Итак, Шерамур - _герой брюха_; его девиз - _жрать_, его идеал -
_кормить других_; в этом настроении он имел похождения, достойные некоторого
внимания. Я опишу кое-что из них в коротких отрывках: это единственная
форма, в которой можно передать что-нибудь о лице, не имевшем никакой
последовательности и не укладывающемся ни в какую форму.
Начинаю с того самого случая, как он показался первому человеку,
который обнаружил в нем нечто достойное наблюдения.
Летом 187* года в Париж прибыл из Петербурга литературный Nemo. {Никто
(лат.).} Он поселился в небольшой комнатке, против решетки Люксембургского
сада, и жил тут тихо и смирно несколько дней, как вдруг однажды входит к
нему консьерж и говорит, что пришел "некто" и требует, чтобы monsieur вышел
к нему - на лестницу.
Nemo имел основания не любить таинственности и с неудовольствием
спросил:
- Кто это такой и что ему нужно?
- Я думаю, это некто из ваших, - отвечал француз.
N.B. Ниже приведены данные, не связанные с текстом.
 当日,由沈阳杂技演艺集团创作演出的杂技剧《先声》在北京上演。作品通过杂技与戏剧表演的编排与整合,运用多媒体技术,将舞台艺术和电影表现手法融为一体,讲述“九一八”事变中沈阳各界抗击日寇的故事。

- Это мужчина или женщина?
- Во всяком случае мне кажется, что это скорее мужчина.
- Так попросите его сюда.
- Да, но мне кажется, что ему неудобно войти.
- Разве он пьян?
- Нет; он... раздет.
На узенькой спиральной лестнице с крошечным окном в безвоздушный канал,
образовываемый тремя сходящимися острым углом стенами, стояла очень
маленькая, но преоригинальная фигура. Первое, что бросилось в глаза Nemo,
были полудетские плечи и курчавая голова с длинными волосами, покрытая
истасканною бандитскою шляпою.
Сначала казалось, что это костюмированный тринадцати- или
четырнадцатилетний мальчик, но чуть он оборотился, вид изменяется: перед
вами прежде всего два яркие, черные глаза, которые горят диким, как бы
голодным огнем, и черная борода замечательной величины и расположения. Она
заросла по всему лицу почти под самые глаза и вниз закрывает грудь до пояса.
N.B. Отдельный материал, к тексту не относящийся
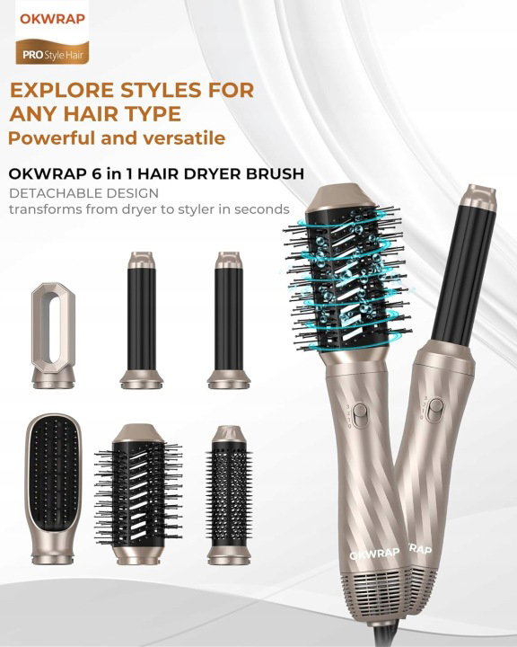 - 6 wymiennych nasadek: Jedno urządzenie zastępuje suszarkę, lokówkę, prostownicę oraz szczotkę termiczną! ⚙️ ?
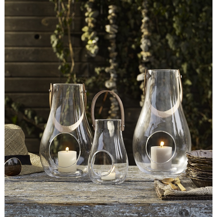 [0] => The Design with Light lantern casts warm, dynamic light on its surroundings and can be placed truly anywhere - on your table as part of your holiday setting, on the ground on a warm summer evening, or on a nearby table to bring warmth and coziness to a dark winter night. With its glass body and full-grain leather strap, the lantern has a clean, Scandinavian look and can be used all-year around. The lantern can be placed indoors or outdoors, though it should be stored indoors to protect the leather handle. The lantern's round opening is hand-shaped by Holmegaard of Denmark's expert craftsmen.

Такую бороду, по строгановскому лицевому подлиннику, указано писать только
преподобному Моисею Мурину, вероятно ради особенности его мадьярского
происхождения и мучительной пылкости темперамента этого святого, которому
зато и положено молиться "от неистовой страсти".
Nemo подошел к незнакомцу и спросил:
- С кем я имею честь...
- Никакой нет чести, - отвечал незнакомец не натуральным, а
искусственным баском, как во время оно считали обязанностью хорошего тона
говорить кадеты выпускного класса. Nemo понимал некоторый толк в людях и сам
переменил манеру.
- Что же вам надо? - спросил он гостя.
- Имею дело.
- Так войдите в комнату.
- У вас нет никого?
- Никого.
- Могу.
И незнакомец пошел за хозяином важно и неспешно, переставляя свои
коротенькие ножки, а когда взошел, то сел и, не снимая шляпы, сейчас же
спросил:
- Нет ли у вас работы?
- Работы!
- Да, нет ли у вас какой работы?
- Да какая же у меня работа?
- Разве я знаю, какая?
- Вы мастеровой?
- Нет, не мастеровой, а мне говорили, что вы романы пишете.
- Это правда.
- Так я - переписывать.
- Но теперь я ничего не пишу.
- Вот как! Значит - сыты.
Он встал и, немного насупясь, добавил:
- А деньги есть у вас?
Хозяин невольно посторонился и спросил:
- Что это значит? -
- Значит, что я три дня не жрал.
- Сколько же вам нужно?
- Мне нужно много, но я у вас хочу взять два франка.
- Извольте.
Турист опустил руку в портмоне и подал своему гостю пятифранковую
монету.
- Здесь больше, - сказал тот.
- Это все равно.
- Да, разумеется, - вы сдачи получите.
С этим он завернулся и вышел тем же ровным шагом, с тою же неизменною
важностью. Во время разговора можно было видеть, что у него некрепко
держатся ретузы и под блузою нет рубашки.
Nemo рассказал историю землякам: те сразу узнали.
- Это, - говорят, - Шерамур.
- Кто он?
- Неизвестно.
- Во всяком случае он русский.
- О да! русский: у него какая-то таинственная история.
- Политическая?
- Кто его разберет! но, кажется, политическая.
- По какому делу он сюда сбежал?
- Право, не знаю, да и знает ли он сам об этом - сомневаюсь.
- Он не сумасшедший?
- Разве с точки зрения доктора Крупова.
- И не плут?
- Нет, он по-своему даже очень честен: да вот вы сами в этом убедитесь.
- Каким образом?
- Он занял у вас денег?
- А вы почему так думаете?
- Если он приходил, значит или долг принес, или умирает с голоду и в
долг просит.
- Я ему очень мало дал.
- Все равно: он принесет.
- Я этого вовсе не требую.
- Мало ли что! А вы если хотите у него запекать, то сведите его
пожрать.
- Он не обидится?
- Нимало; он человек натуральный; только не ведите в хорошее место:
этого он терпеть не может, а куда-нибудь погрязнее.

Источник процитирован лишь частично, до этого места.